[Extracted records]
+ + +
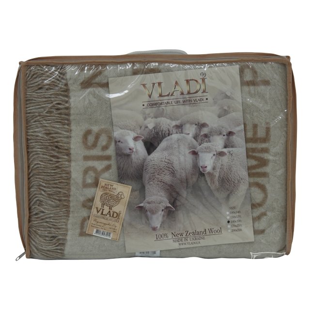 Плед Vladi жаккардовый Сити бежевый, 100% новозеландская шерсть
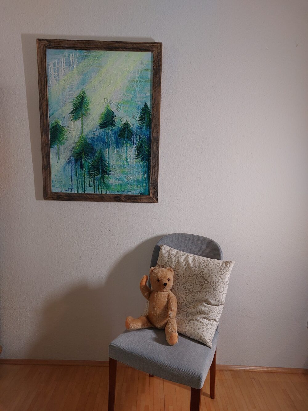 Mit dieser Acrylmalerei habe ich die tiefe Verbindung zwischen Mensch und Wald eingefangen. Die expressiven Farbverläufe und lebendigen Grüntöne vermitteln die Energie und Ruhe, die ein Wald ausstrahlt. Dieses Werk bringt Naturkraft und innere Balance zu dir nach Hause, lädt ein zum Eintauchen und Auftanken in einer hektischen Welt.
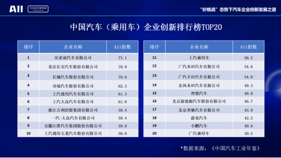 中國(guó)汽車(chē)(乘用車(chē))企業(yè)創(chuàng)新排行榜TOP20
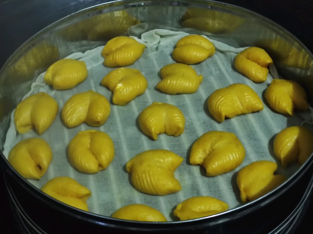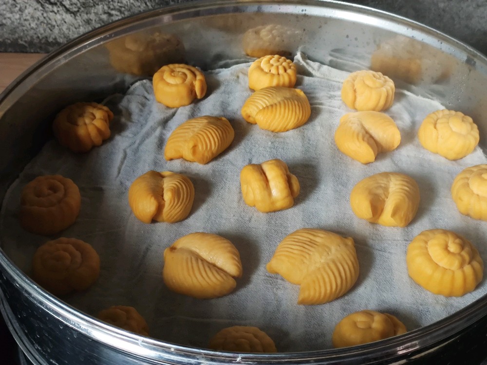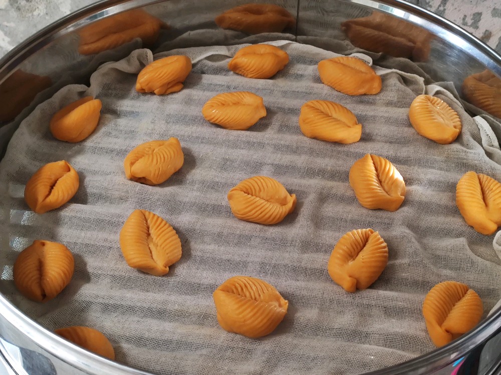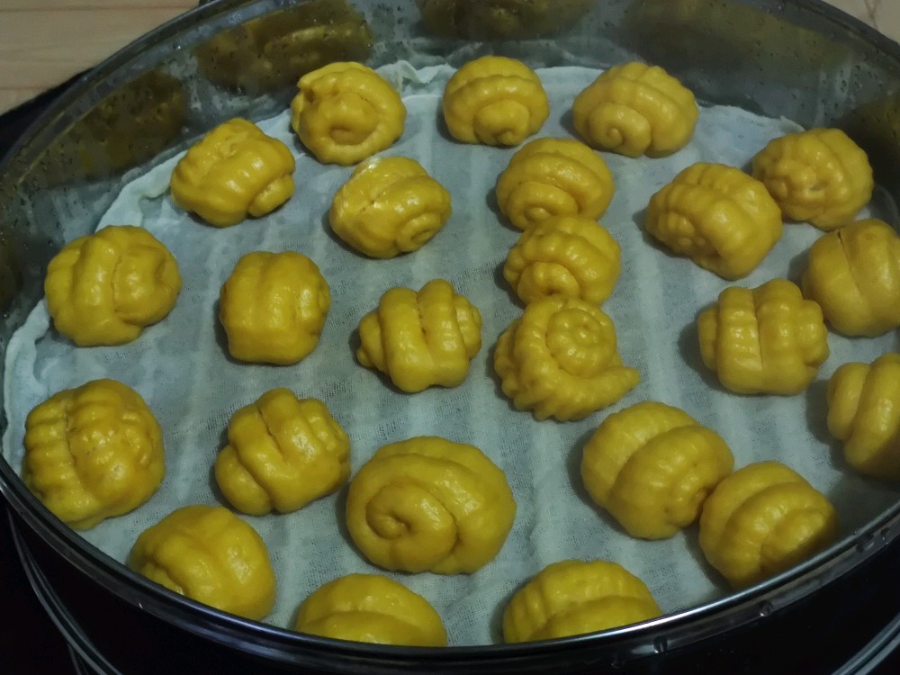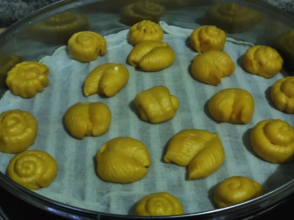 称了一下南瓜2斤7两,把皮和内囊处理掉一称2斤2两。于是跟之前一样切好片上锅蒸,再加入适量糖、面粉揉至细腻,用保鲜膜裹好,温度还是有点低,索性就让它隔着玻璃晒起太阳来。过了一个多点吧,面已发好。又开始自己吭哧吭哧的做起馒头来,上次做了两屉,放的有点拥挤。这次直接又加了一屉,可惜我都开始做第三屉了前面两屉还没有二次膨胀变大,心里就有了这次注定又是一次失败的尝试。
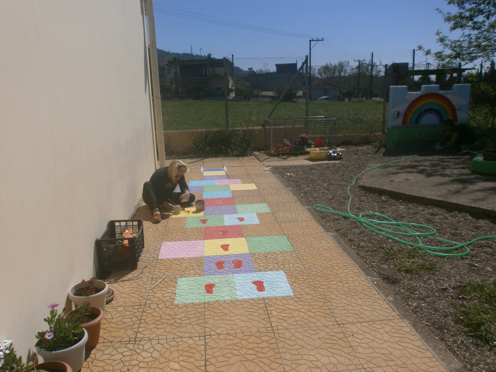 -Σχεδιασμός και βάψιμο επιδαπέδιων παιχνιδιών στην αυλή μας με την ενεργό συμμετοχή των εκπαιδευτικών και γονέων .
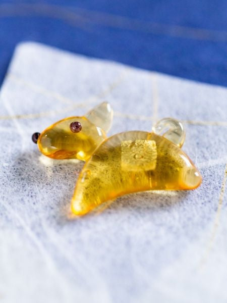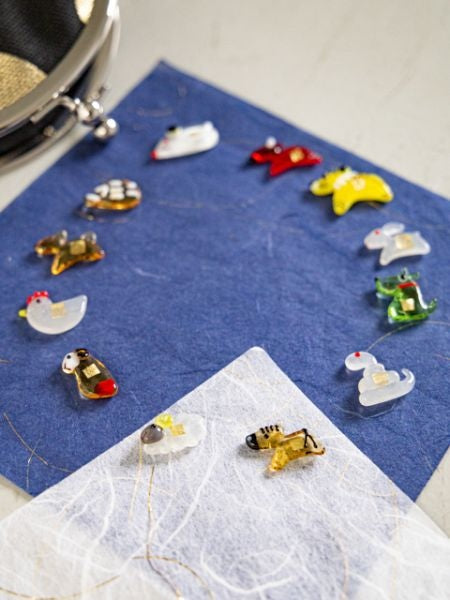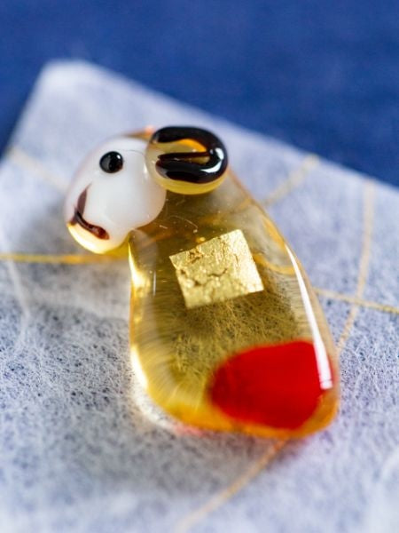 A small glass charm featuring traditional Kanazawa gold leaf and zodiac motifs, designed as a symbolic wallet talisman. Each piece reflects delicate craftsmanship and cultural heritage. Carry your zodiac sign as a personal charm for protection and good fortune, adding a subtle yet meaningful touch to your everyday essentials.
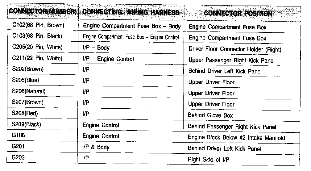 Connector Information Chart:
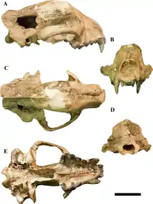 The genus Megalictis was first described by W. D. Matthew in 1907, and assigned to the family Mustelidae.[2] Two similar genera discovered at the same time, Aelurocyon (Peterson, 1907) and Paroligobunis (Peterson, 1910) were identified as synonymous with Megalictis in 1996[3] though Paroligobunis was re-established as a separate genus in 1998.[4] P. R. Bjork, in 1970, assigned the genus to the subfamily Mellivorinae,[5] whilst J. A. Baskin reassigned it to Oligobuninae in 1998.[2] Three species have been identified in the genus: M. ferox, M. petersoni, and M. frazieri, whilst two more, Megalictis brevifacies and Megalictis simplicidens, have since been determined to be synonymous with M. ferox. Other synonyms of M. ferox include Aelurocyon brevifacies, Brachypsalis simplicidens and Paroligobunis simplicidens.[2]
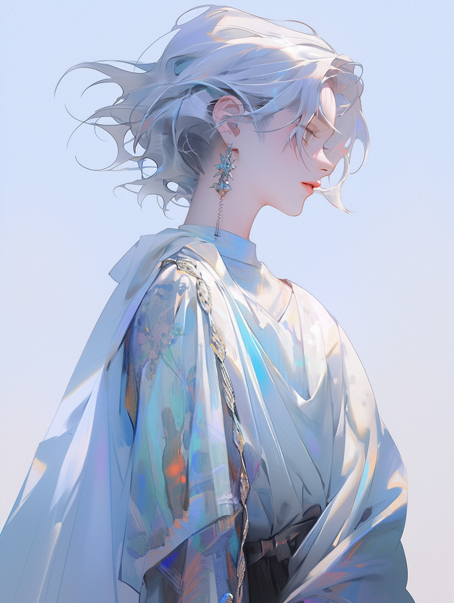 Midjourney prompt: shorthaired anime girl, wearing flowing fabric shi...
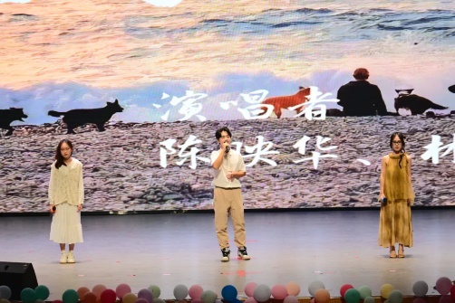 图为学院辅导员演唱现场
+ + +
Would you write out every record word for word, leaving no picture in?

 Плед Vladi жаккардовый Сити бежевый, 100% новозеландская шерсть
 Mit dieser Acrylmalerei habe ich die tiefe Verbindung zwischen Mensch und Wald eingefangen. Die expressiven Farbverläufe und lebendigen Grüntöne vermitteln die Energie und Ruhe, die ein Wald ausstrahlt. Dieses Werk bringt Naturkraft und innere Balance zu dir nach Hause, lädt ein zum Eintauchen und Auftanken in einer hektischen Welt.
 中國(guó)汽車(chē)(乘用車(chē))企業(yè)創(chuàng)新排行榜TOP20
 称了一下南瓜2斤7两,把皮和内囊处理掉一称2斤2两。于是跟之前一样切好片上锅蒸,再加入适量糖、面粉揉至细腻,用保鲜膜裹好,温度还是有点低,索性就让它隔着玻璃晒起太阳来。过了一个多点吧,面已发好。又开始自己吭哧吭哧的做起馒头来,上次做了两屉,放的有点拥挤。这次直接又加了一屉,可惜我都开始做第三屉了前面两屉还没有二次膨胀变大,心里就有了这次注定又是一次失败的尝试。
 -Σχεδιασμός και βάψιμο επιδαπέδιων παιχνιδιών στην αυλή μας με την ενεργό συμμετοχή των εκπαιδευτικών και γονέων .
 A small glass charm featuring traditional Kanazawa gold leaf and zodiac motifs, designed as a symbolic wallet talisman. Each piece reflects delicate craftsmanship and cultural heritage. Carry your zodiac sign as a personal charm for protection and good fortune, adding a subtle yet meaningful touch to your everyday essentials.
 Connector Information Chart:
 The genus Megalictis was first described by W. D. Matthew in 1907, and assigned to the family Mustelidae.[2] Two similar genera discovered at the same time, Aelurocyon (Peterson, 1907) and Paroligobunis (Peterson, 1910) were identified as synonymous with Megalictis in 1996[3] though Paroligobunis was re-established as a separate genus in 1998.[4] P. R. Bjork, in 1970, assigned the genus to the subfamily Mellivorinae,[5] whilst J. A. Baskin reassigned it to Oligobuninae in 1998.[2] Three species have been identified in the genus: M. ferox, M. petersoni, and M. frazieri, whilst two more, Megalictis brevifacies and Megalictis simplicidens, have since been determined to be synonymous with M. ferox. Other synonyms of M. ferox include Aelurocyon brevifacies, Brachypsalis simplicidens and Paroligobunis simplicidens.[2]
 Midjourney prompt: shorthaired anime girl, wearing flowing fabric shi...
 图为学院辅导员演唱现场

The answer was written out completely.